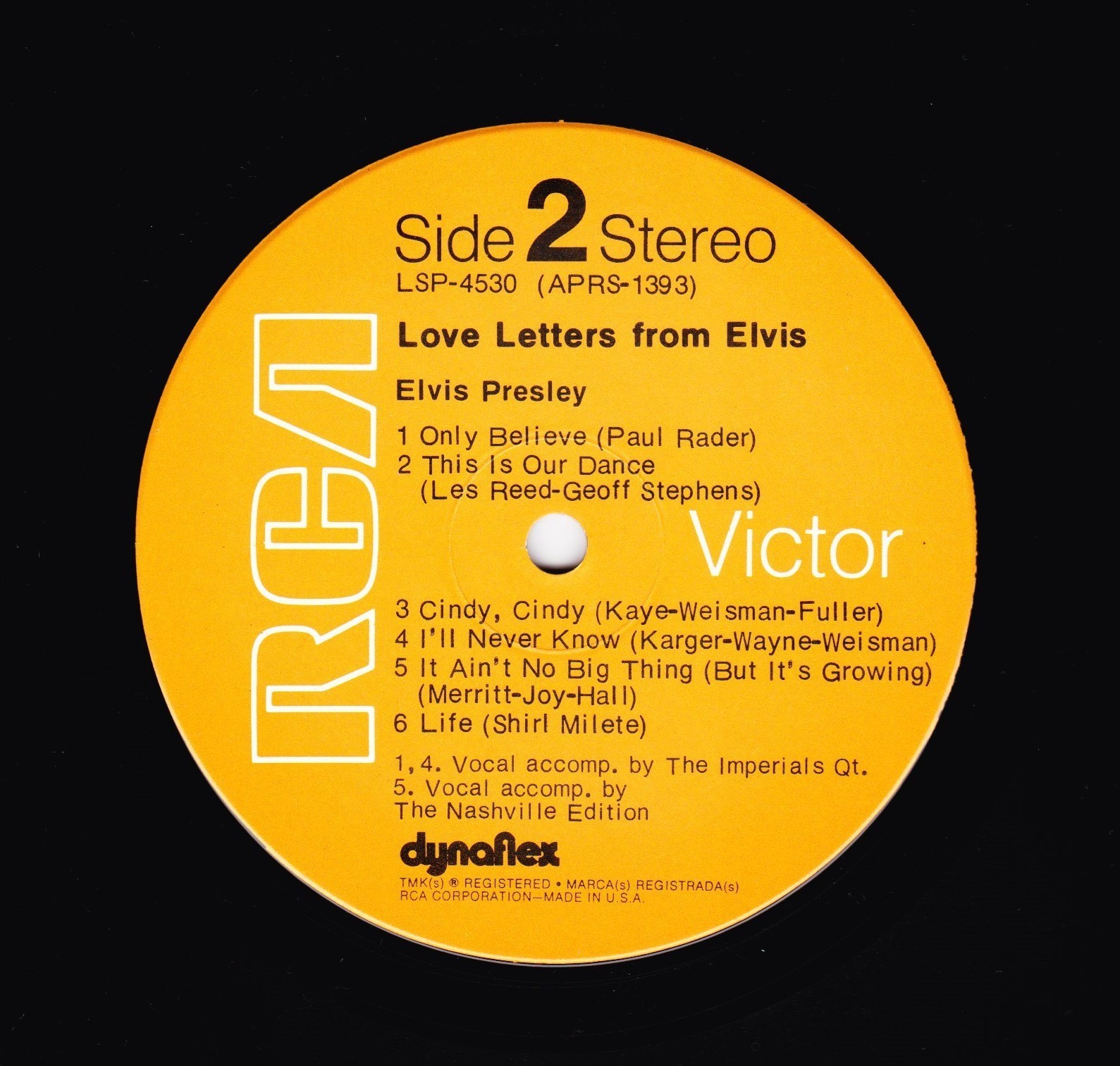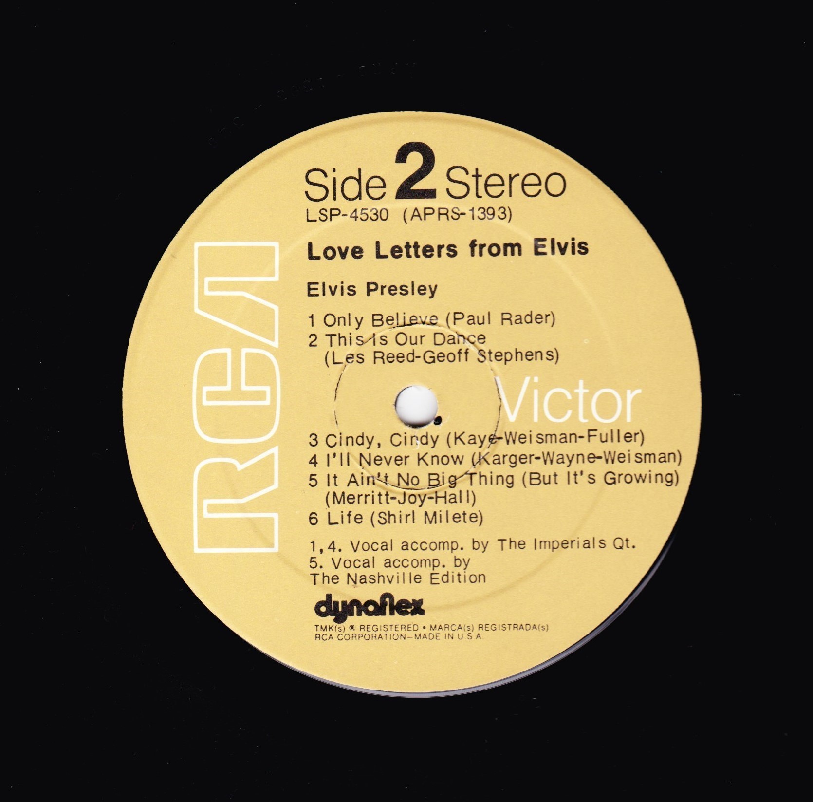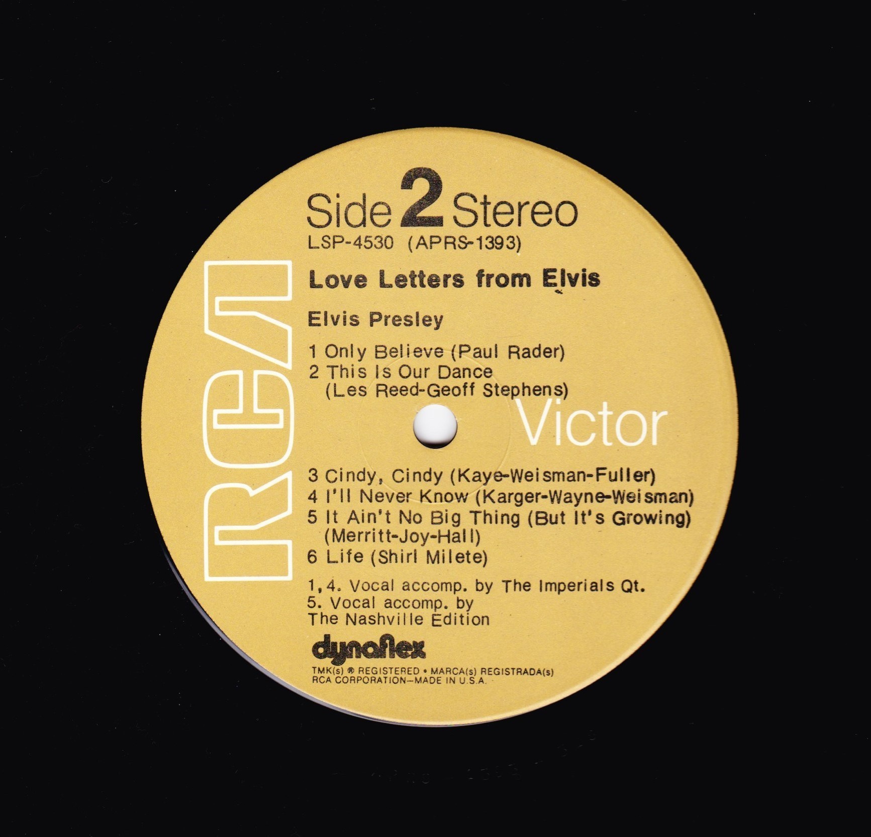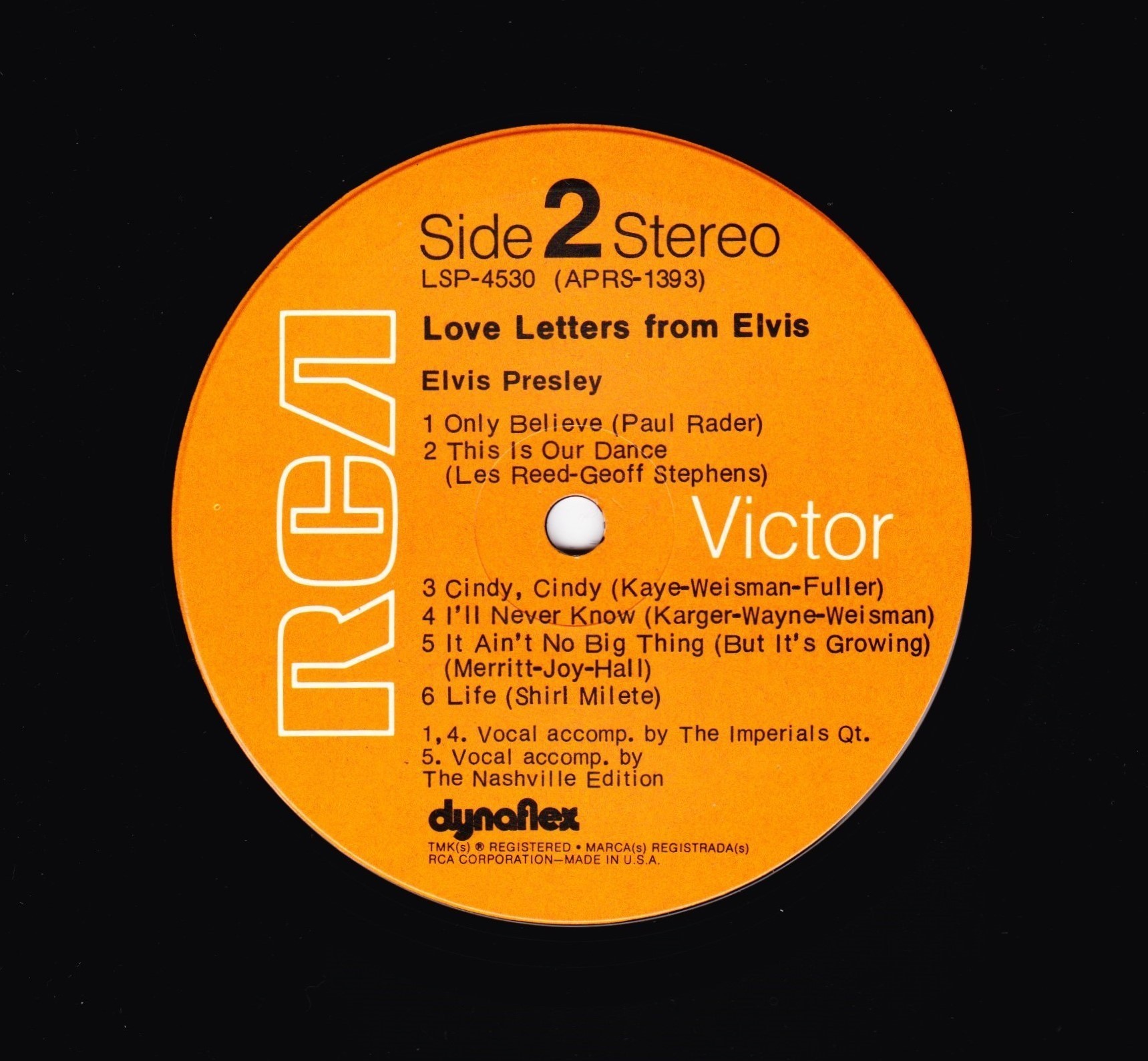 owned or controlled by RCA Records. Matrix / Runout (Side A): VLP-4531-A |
__________________________________________________
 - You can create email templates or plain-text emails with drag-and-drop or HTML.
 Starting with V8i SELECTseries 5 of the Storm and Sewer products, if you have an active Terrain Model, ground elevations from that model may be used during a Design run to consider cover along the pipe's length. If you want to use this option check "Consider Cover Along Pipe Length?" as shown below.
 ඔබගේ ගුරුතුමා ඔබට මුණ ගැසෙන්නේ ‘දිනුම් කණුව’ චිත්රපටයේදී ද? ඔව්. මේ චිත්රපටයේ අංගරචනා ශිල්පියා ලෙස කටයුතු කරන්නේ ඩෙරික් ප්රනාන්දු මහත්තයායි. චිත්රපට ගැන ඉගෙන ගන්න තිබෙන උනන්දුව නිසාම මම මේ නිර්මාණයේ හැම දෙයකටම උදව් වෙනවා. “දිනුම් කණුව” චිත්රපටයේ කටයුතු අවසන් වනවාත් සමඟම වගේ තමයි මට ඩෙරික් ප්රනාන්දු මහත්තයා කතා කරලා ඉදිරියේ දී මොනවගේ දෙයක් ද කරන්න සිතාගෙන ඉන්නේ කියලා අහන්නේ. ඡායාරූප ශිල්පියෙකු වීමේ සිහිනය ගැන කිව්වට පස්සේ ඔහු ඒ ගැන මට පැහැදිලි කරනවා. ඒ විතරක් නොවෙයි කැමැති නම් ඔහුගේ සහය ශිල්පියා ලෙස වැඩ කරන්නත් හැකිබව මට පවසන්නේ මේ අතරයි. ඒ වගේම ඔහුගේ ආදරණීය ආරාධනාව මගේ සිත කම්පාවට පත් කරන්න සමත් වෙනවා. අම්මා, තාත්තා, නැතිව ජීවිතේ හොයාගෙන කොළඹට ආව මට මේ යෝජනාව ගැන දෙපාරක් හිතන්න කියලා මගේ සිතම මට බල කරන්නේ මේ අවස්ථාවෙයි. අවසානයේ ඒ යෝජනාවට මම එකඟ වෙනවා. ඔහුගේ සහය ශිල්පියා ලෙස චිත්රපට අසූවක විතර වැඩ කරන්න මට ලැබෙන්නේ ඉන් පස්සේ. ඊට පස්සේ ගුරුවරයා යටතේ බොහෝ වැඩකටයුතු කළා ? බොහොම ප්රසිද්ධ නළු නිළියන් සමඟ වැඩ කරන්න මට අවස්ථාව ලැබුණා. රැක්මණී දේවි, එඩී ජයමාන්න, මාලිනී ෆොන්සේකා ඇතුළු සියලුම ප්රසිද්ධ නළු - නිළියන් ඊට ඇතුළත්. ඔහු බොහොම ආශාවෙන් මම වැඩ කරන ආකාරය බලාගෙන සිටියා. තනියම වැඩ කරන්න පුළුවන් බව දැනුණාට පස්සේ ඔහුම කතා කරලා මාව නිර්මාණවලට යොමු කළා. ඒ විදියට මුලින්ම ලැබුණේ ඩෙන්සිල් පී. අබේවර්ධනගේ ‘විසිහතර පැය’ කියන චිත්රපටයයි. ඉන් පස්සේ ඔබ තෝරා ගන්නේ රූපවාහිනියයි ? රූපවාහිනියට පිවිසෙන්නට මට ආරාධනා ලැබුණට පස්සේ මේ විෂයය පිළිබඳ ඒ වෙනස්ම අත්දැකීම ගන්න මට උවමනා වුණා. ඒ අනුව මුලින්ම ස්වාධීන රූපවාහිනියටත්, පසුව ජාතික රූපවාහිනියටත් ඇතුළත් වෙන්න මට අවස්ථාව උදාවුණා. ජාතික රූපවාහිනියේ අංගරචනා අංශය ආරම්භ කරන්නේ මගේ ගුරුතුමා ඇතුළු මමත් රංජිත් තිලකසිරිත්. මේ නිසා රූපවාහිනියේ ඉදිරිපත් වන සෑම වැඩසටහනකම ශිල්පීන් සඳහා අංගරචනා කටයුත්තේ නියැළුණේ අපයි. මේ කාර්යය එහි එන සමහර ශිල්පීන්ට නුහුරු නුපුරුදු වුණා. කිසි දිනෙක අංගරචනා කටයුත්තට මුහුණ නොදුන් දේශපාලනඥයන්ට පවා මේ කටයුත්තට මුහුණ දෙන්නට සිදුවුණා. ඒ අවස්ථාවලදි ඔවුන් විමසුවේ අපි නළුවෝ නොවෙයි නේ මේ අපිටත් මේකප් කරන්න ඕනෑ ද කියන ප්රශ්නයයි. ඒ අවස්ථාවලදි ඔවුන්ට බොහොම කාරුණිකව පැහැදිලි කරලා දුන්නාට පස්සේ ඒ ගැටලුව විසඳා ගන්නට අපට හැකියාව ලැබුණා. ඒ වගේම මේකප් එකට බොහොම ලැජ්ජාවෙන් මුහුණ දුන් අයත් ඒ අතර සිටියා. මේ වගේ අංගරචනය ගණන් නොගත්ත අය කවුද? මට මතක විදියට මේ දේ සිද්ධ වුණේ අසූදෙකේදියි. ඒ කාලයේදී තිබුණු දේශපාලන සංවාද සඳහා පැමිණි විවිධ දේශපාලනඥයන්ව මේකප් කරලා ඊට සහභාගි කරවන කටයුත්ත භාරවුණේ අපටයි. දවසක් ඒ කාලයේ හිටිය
__________________________________________________
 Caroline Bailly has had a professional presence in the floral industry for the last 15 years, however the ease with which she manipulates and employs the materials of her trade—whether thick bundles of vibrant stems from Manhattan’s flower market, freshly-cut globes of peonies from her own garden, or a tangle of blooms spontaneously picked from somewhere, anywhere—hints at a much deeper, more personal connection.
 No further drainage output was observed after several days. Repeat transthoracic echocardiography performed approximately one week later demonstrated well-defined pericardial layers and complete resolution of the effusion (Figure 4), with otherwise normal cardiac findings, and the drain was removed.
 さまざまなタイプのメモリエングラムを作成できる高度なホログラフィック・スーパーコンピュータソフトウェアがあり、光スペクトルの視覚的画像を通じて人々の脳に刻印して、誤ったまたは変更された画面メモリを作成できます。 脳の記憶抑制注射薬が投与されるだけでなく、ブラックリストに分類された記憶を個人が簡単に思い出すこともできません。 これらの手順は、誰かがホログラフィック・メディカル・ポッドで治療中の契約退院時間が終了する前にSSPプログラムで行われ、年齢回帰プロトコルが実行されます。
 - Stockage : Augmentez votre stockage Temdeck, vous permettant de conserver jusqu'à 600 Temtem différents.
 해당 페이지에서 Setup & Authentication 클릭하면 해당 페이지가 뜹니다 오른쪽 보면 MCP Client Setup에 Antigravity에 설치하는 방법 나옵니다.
__________________________________________________
WHAT THE TASK ASKS >> Your answer should be one number: how many lines above contain "with".

TASK OUTPUT >> 4